India swine flu has mutated to become more deadly as virus claims 1,200 lives
The current outbreak of swine flu in India, which has so far killed over 1,200 people since December, appears to have mutated to become more deadly, a study has suggested.
Indian health officials previously said the strain had not changed from the version of H1N1 that emerged in the US in 2009.
However, scientists at MIT have now found evidence contradicting this. Over the past two years, genetic sequence information on the flu-virus protein of the only two flu strains in India has been deposited into publicly available influenza databases.
This has made it difficult for scientists to work out which strain is causing the current outbreak – and how it differs from previous strains. "We're really caught between a rock and a hard place, with little information and a lot of misinformation," said senior author Ram Sasisekharan.
However, the researchers say they were able to gather enough information to show the recent Indian strain carries new mutations that are known to make it more virulent – raising cause for concern.
Swine flu
Swine flu is a human disease – it is passed from person to person, not from pigs. It originally jumped from pigs to humans then evolved. Because pigs can become infected with flu viruses from a variety of hosts, including birds and humans, they can act as a 'mixing vessel'. This allows for the reassortment of influenza genes from different viruses creating new flu viruses. The concern about these 'reassortant' viruses is that they may be more easily spread from person to person, or cause more severe disease than the original virus.

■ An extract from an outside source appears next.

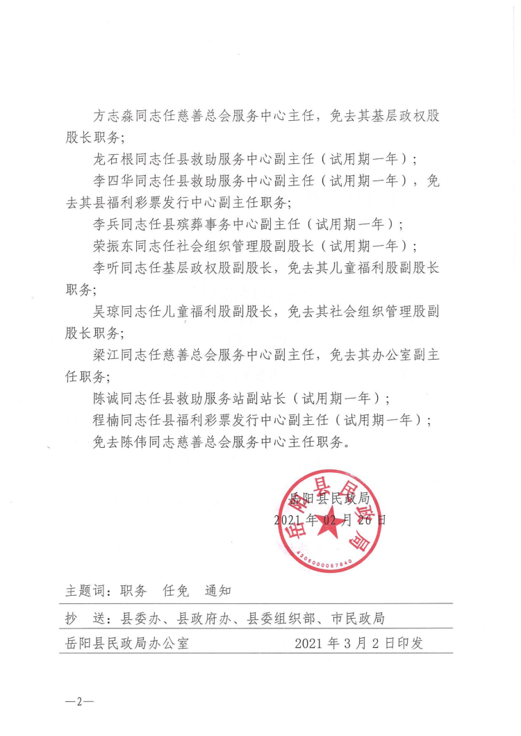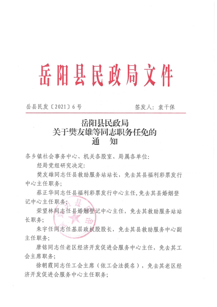 岳阳县民政局关于樊友雄等同志职务任免的通知

The H1N1 virus that caused the influenza pandemic in 2009-2010 is an example of a swine influenza virus that was able to spread easily among humans and cause disease.
The team compared the genetic sequences of the two strains to the 2009 strain of H1N1 that killed over 18,000 people worldwide over the following three years.

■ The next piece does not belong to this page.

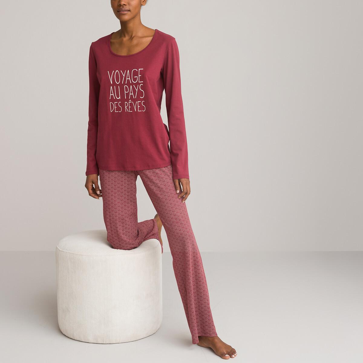 Ce pyjama à manches longues est confectionné en jersey de coton doux, offrant confort et style pour se détendre à la maison. Le haut présente une encolure ronde et un slogan imprimé, tandis que le pantalon est orné d'un motif géométrique complémentaire.

The Indian strain was found to carry new mutations in the hemagglutinin protein. This protein binds to receptors found on the surface of respiratory cells. The strength of that binding determines how effectively the virus can infect these cells.

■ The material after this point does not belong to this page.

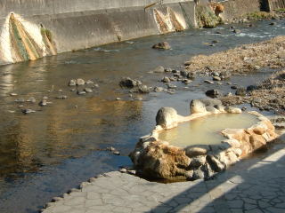 川の透き通った水と,濁った温泉とのコントラストがとてもいい感じです。

One of the mutations discovered has been linked with increased disease severity, while the other allows the hemagglutinin to bind more strongly to the receptors, making it more infectious.
Sasisekharan said more research and surveillance is needed to confirm whether these mutations are present in the current Indian strain, which has so far infected over 20,000 people.
Published in the journal Cell Host & Microbe, researchers say the indication the virus might have mutated shows the need for further surveillance and study. They say there is a distinct lack of scientific information about the current swine flu outbreak in India, which has resulted in conflicting reports.
They also note that the number of viral sequences provided for public analysis has been limited to the population susceptible to being infected, while monitoring of flu viruses in animals – which allows for real-time surveillance in humans – has been lacking.
"It has been extensively reported in India that a virus similar to A/California/07/2009 is responsible for the current outbreak," Sasisekharan said. "Examination of the Indian H1N1 flu viruses that circulated in 2014 shows amino acid mutations that make them distinct from the A/California/07/2009 virus.
"It is widely believed that the current H1N1 flu vaccine is still effective for the most part. Effectiveness of the current H1N1 flu vaccine is debatable, and there have been calls for updating the vaccine. The Indian H1N1 viruses that circulated in 2014 are different compared with the 2009 vaccine strain A/California/07/2009."